Supplied material Block Start

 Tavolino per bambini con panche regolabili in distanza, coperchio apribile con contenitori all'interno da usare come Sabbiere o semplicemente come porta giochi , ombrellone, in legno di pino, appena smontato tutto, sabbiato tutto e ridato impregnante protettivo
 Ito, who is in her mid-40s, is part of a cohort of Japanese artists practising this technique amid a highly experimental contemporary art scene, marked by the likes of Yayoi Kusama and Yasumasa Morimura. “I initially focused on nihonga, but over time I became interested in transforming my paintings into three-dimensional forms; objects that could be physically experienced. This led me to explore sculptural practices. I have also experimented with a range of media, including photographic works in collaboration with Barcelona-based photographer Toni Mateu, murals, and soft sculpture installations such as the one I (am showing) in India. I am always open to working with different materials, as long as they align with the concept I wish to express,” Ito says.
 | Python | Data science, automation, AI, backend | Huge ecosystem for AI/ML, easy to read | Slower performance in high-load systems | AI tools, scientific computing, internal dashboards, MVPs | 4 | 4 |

Supplied material Block End
Supplied material Block Start

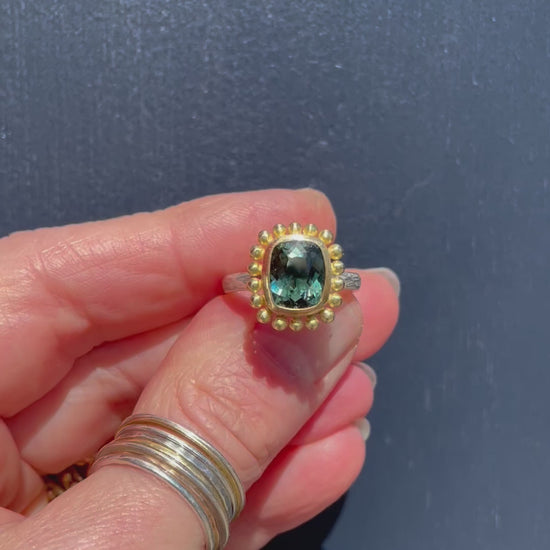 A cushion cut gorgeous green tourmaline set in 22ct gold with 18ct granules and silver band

Supplied material Block End

- [What is required]:
The range runs from the line above containing "Tavolino per bambini" to the line containing "MVPs | 4 | 4 |", inclusive. Restate those lines word for word and no others.

- [Solution to this task]:
 Tavolino per bambini con panche regolabili in distanza, coperchio apribile con contenitori all'interno da usare come Sabbiere o semplicemente come porta giochi , ombrellone, in legno di pino, appena smontato tutto, sabbiato tutto e ridato impregnante protettivo
 Ito, who is in her mid-40s, is part of a cohort of Japanese artists practising this technique amid a highly experimental contemporary art scene, marked by the likes of Yayoi Kusama and Yasumasa Morimura. “I initially focused on nihonga, but over time I became interested in transforming my paintings into three-dimensional forms; objects that could be physically experienced. This led me to explore sculptural practices. I have also experimented with a range of media, including photographic works in collaboration with Barcelona-based photographer Toni Mateu, murals, and soft sculpture installations such as the one I (am showing) in India. I am always open to working with different materials, as long as they align with the concept I wish to express,” Ito says.
 | Python | Data science, automation, AI, backend | Huge ecosystem for AI/ML, easy to read | Slower performance in high-load systems | AI tools, scientific computing, internal dashboards, MVPs | 4 | 4 |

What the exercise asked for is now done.